Solution. Lock the inputs first. Run a small pilot. Then scale.
Useful guardrails: many providers quote 30–90 days to launch. You can go faster if inputs are clean. When dock to stock slips past 3 days, look for data gaps and label issues. Oversized cartons raise billable weight and can cut into margin.
The 10-day blueprint
Day 0 — Triage and scope
Share SKU count, daily orders, channels, special handling, kitting, returns. Pick a pilot set, often 20% of SKUs that drive 60–80% of orders.
Day 1 — Data lock
Finish the product master: SKU, title, sellable unit, inner, case, pallet, weight, dimensions, hazmat, shelf life, lot/expiry. Confirm barcode type and placement.
Day 2 — Systems and labels
Connect marketplaces or your OMS. Finalize ASN fields. Make sure carton and pallet labels match IDs in the ASN.
Day 3 — Ship the pilot
Send a small, clean inbound. Book a dock time. Pre-alert receiving.

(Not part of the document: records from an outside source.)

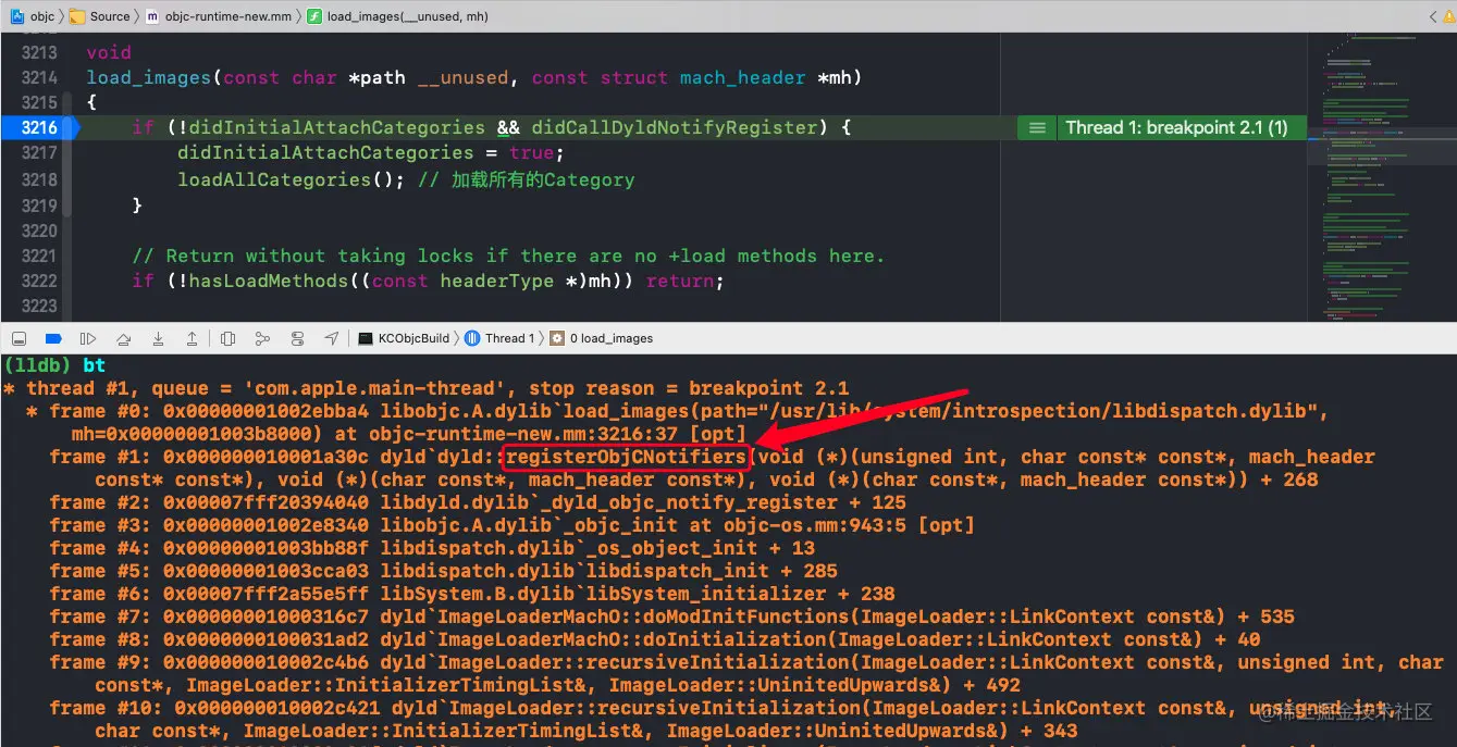 因为_dyld_objc_notify_register里边会触发load_images,所以可以在objc的源码的load_images方法中打上断点,然后运行项目,然后通过bt打印堆栈信息:
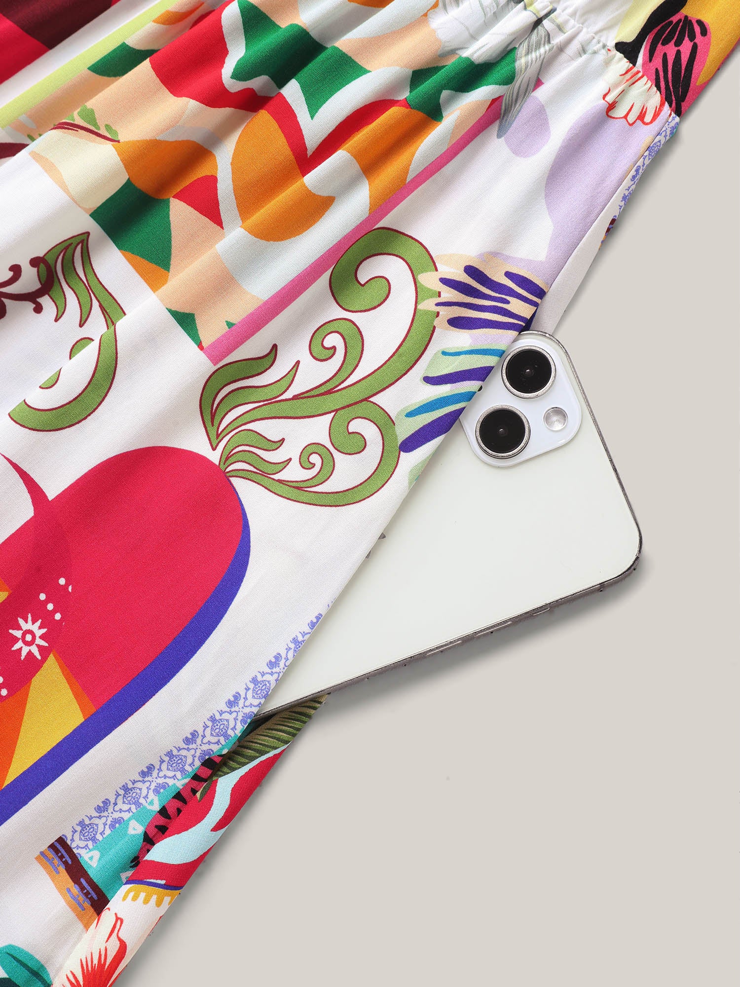 Tropical Collage Print Pockets Midi Dress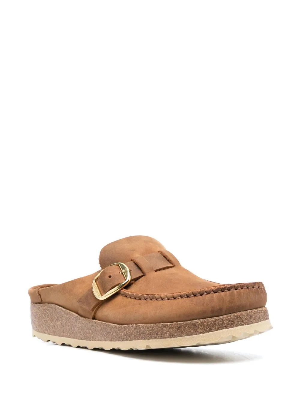 Buckley 30mm mules from BIRKENSTOCK featuring cognac brown, calf suede, round toe, buckle detail at the toe, backless, moulded footbed and rubber outsole.

Day 4–5 — Dock to stock and smoke test
Receive. Stow. Ship live orders from the pilot SKUs. Fix slotting, pack-out, and rate-shop exceptions.
Day 6–10 — Expand
Add the next SKU tier. Turn on retail or EDI needs. Start weekly exception reviews. Set a simple replenishment SOP.

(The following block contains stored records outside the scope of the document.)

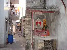 Wing Ning Wai is said to have a history dating back 400 to 500 years. It historically comprised three rows of houses enclosed within a rectangular protective wall, with an entrance gate in the north-east front wall and four watchtowers at its four corners. While the entrance gate, built in 1744, is still extant, the watchtowers and most of the enclosing walls have been demolished. Some of the watchtowers had new buildings constructed on them. The altar situated at the end of the main alley has disappeared.[5][6]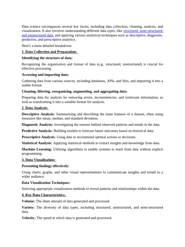 Data science encompasses several key facets, including data collection, cleaning, analysis, and
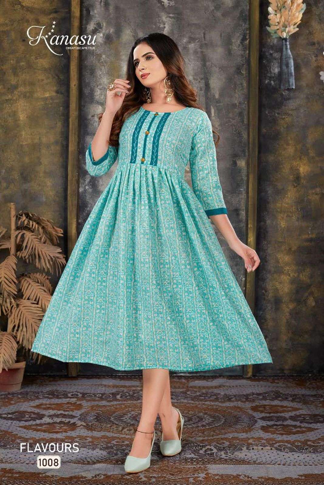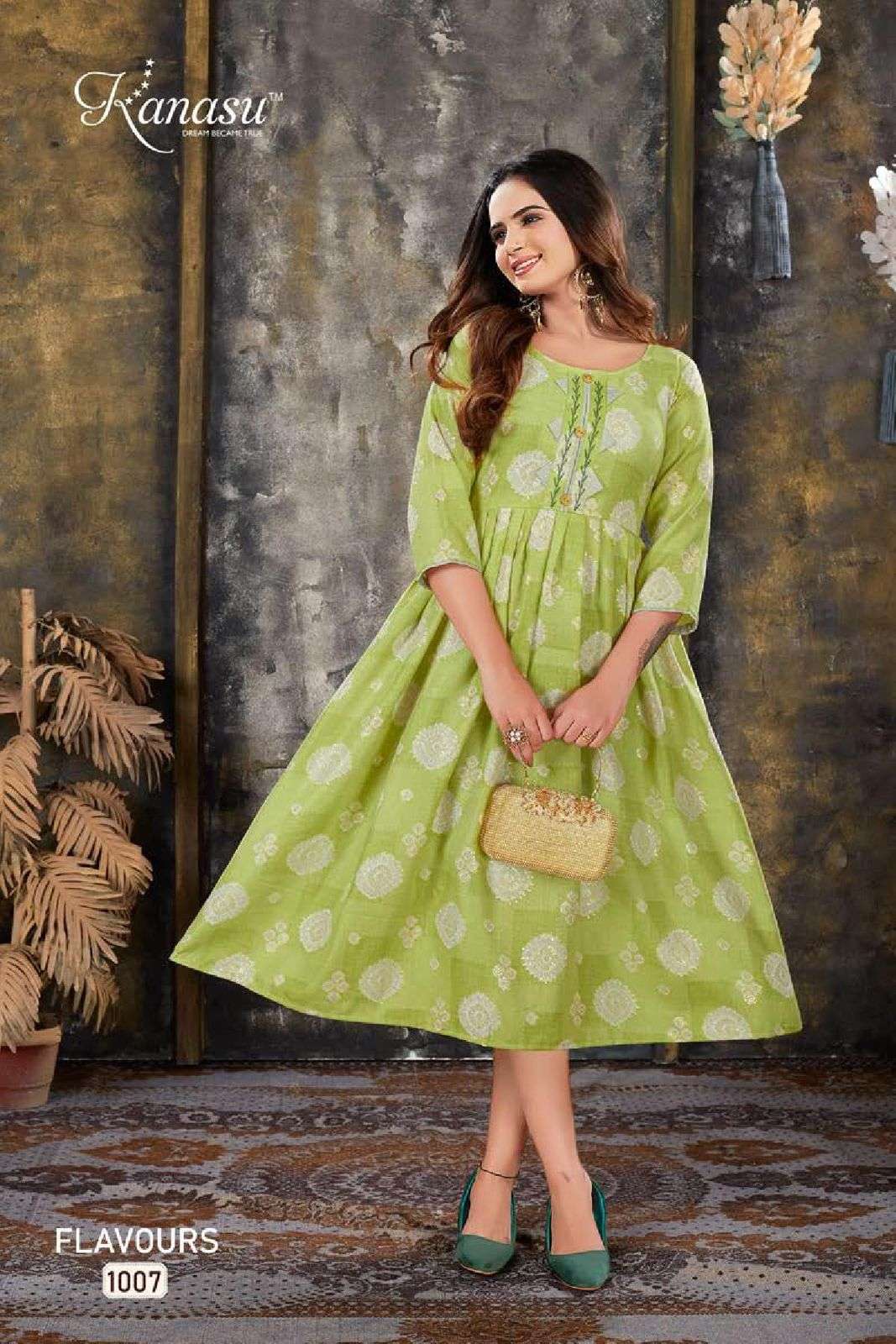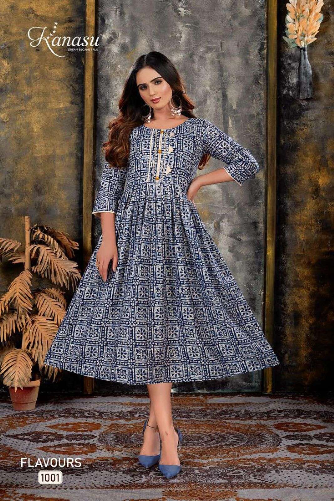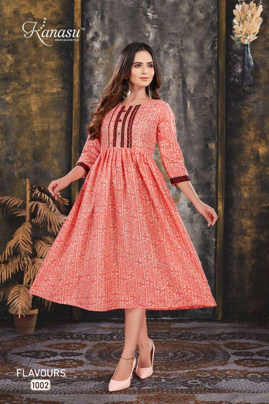 Dear Customers, Welcome to KANASU (KURTI) .., We are introducing KANASU new catalog 📕Catalogue:- FLAVOURS 👗Cloth :- HEAVY D-CAPSULE REYON PRINT ✅Concept *FLAIR WITH KATHA WORK PATTERN * Length :- 45 FLAIR :- 40 Rate : - 385/- Size:- M L XL XXL

What to standardize for day one
Barcodes and GTIN mapping
Use one clean barcode per sellable unit. Map it to a single SKU. Avoid glare and curved placement.
ASN and labels
ASNs that match reality reduce check time. Include counts, SKU IDs, carton IDs, pallet IDs.
Dock to stock targets
Hold to 1–3 days for direct inbound. Track daily. Clear blockers fast.
Packaging and DIM risk
Right-size packaging. Update cartonization rules by SKU. Fractional inches can change billable weight.
Regulated or dated items
Capture lot, batch, and expiry at receiving. Pick by FEFO to cut waste.
Stage inventory without stopping orders
- Wave 1: Top movers only, clean data, clean labels
- Wave 2: Medium movers, kits, bundles
- Wave 3: Retail or EDI overlays with stickers and ASNs
This keeps orders flowing while you finish the long tail.
Why Product Fulfillment Solutions
- FEFO with lot and expiry at receiving speeds sellable inventory and reduces waste.
- Retail and EDI compliance from day one: accurate ASNs, case labels, and set markings.
- Dock-to-stock speed with barcode-first receiving and ASN validation.
- Central U.S. hub in Cincinnati for 1–3 day ground to most of the country.
- Rate shopping and pack-out standards to control DIM and protect margin.
As you scale, fold in 3PL fulfillment, ecommerce fulfillment, pick and pack services, kitting assembly services, and EDI solutions and connections where they fit.
FAQ
How fast can we go live
With clean data, labels, and an ASN, a small pilot can ship in days. Big launches with messy inputs take weeks.
What is dock to stock
Time from arrival at the dock to pickable inventory. Shorter dock to stock means fewer backorders and better cash flow.
Do we need an ASN
If you sell wholesale or retail, yes. Even DTC gains speed when carton contents line up with receiving.
How do DIM rules affect week one
If boxes are too big, billable weight goes up. Right-size packaging and validate with rate shopping before volume ramps.
What if our catalog is complex
Start with top movers. Prove the flow. Add kits and retail overlays in waves.